Why don’t people respect the law?
That was among the questions President Donald Trump’s policing commission, launched in January, was tasked with answering. This administration being what it is, and these times being what they are, it seems perfectly fitting that the commission itself broke the law — broke it so completely, in fact, that the day before the election a federal judge blocked it from ever releasing its report unless it included glaring language near the top advising readers that the contents were a product of a panel that was unlawfully constituted and operated.
Or, in the alternative, it can start over, this time with more representative membership and more open proceedings.

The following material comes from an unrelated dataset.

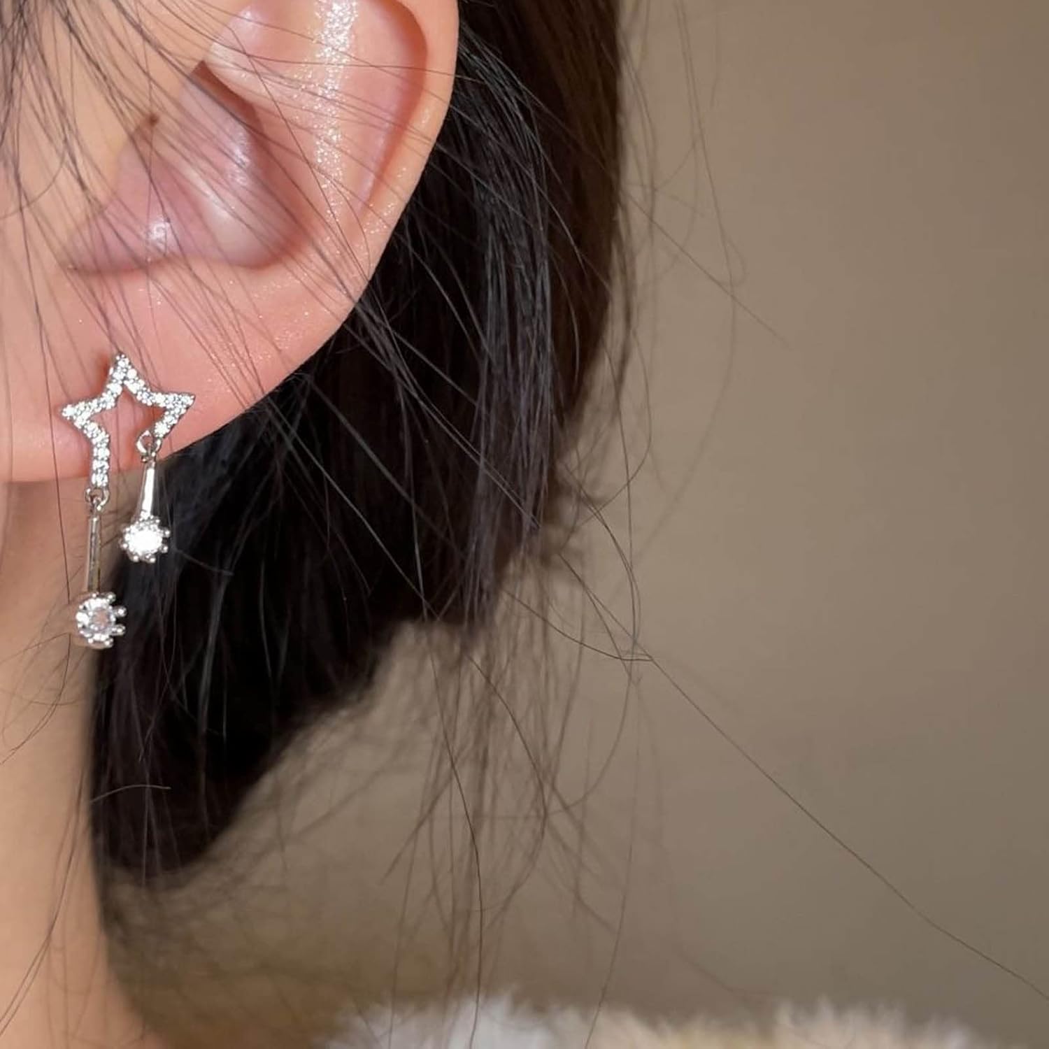 - Rhinestone star drop earrings.Item Details:Handmade Item.Size:As Shown.Color:Silver.Materials:Quality Alloy/Crystal.Location:Ear.Style:Boho/Vintage.

The takeaway is that any discussion in the as-yet unreleased report of the Presidential Commission on Law Enforcement and the Administration of Justice about why people don’t respect the law is likely to be fairly useless, because it was written for self-serving purposes by police and prosecutors operating behind closed doors without input from people with different experiences and backgrounds, in violation of the Federal Advisory Committee Act.
That’s a shame, because the panel had other questions it was supposedly seeking to answer, and some of them were quite worthy. Such as, “How do mental illness, substance abuse, and homelessness affect the ability of law enforcement to police?” That’s a particularly timely question, given that so many cities have responded to a summer of protests by trying to pull their police back from dealing with mental illness, substance abuse and homelessness.

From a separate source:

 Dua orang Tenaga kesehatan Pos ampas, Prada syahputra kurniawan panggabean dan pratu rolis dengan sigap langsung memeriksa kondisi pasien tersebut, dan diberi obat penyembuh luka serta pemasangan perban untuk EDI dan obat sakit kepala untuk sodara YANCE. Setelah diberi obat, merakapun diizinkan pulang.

A responsibly constituted commission might have had much to offer on that question.
But this was not a responsibly constituted commission. As with so much of Trump’s presidential work product, it was an obvious attempt to subvert something from Barack Obama’s administration, in this case his Task Force on 21st Century Policing. Some law enforcement officials were upset with the Obama report because it had the temerity to suggest that police ought to do some of their work differently, in the interest of justice and public safety.

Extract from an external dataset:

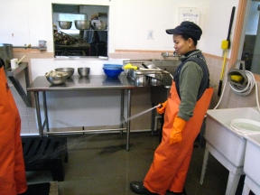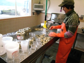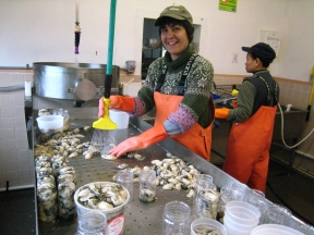 Packers Teresa and Brenda put the oysters through a bubbler and then rinse and sort the oysters according to size. Oysters that are shucked badly are set aside to be packed as cuts, which we sell for a ridiculously low price. (And no, you can't place an order for cuts... we don't do them on purpose!)

Trump created his commission to reiterate his position that police are doing everything right but are being undermined by troublemakers.
To ensure a report that made findings in accord with that outlook, Attorney General William Barr stocked the panel with police chiefs, sheriffs, folks from the FBI, the Drug Enforcement Administration and the U.S. Marshals Service. There are also civilians — criminal prosecutors, for example, and directors of public safety offices. To be fair, there is one city councilman. No, wait, he’s also a cop. No civil rights leaders, community advocates, defense lawyers.
Presidential commissions are run by and for the benefit of the United States, so they are subject to law, in this case the Federal Advisory Committee Act, which lays out rules to ensure balanced membership and viewpoints and public access to proceedings.
When Trump announced he was creating the commission, though, he said that recommendations would come quickly “because most of them” — the members — “know many of the answers before they begin.” In other words, no need for hearings, fact-finding, evidence, analysis, discussion, debate. This was to be a vehicle for doing what the selected members already wanted done.
Sure, there are laws that govern these kinds of things. But those kinds of laws are for suckers, right?
Which should lead us to once again ask the commission’s central question:
Why don’t people respect the law?
Robert Greene is a Los Angeles Times editorial writer.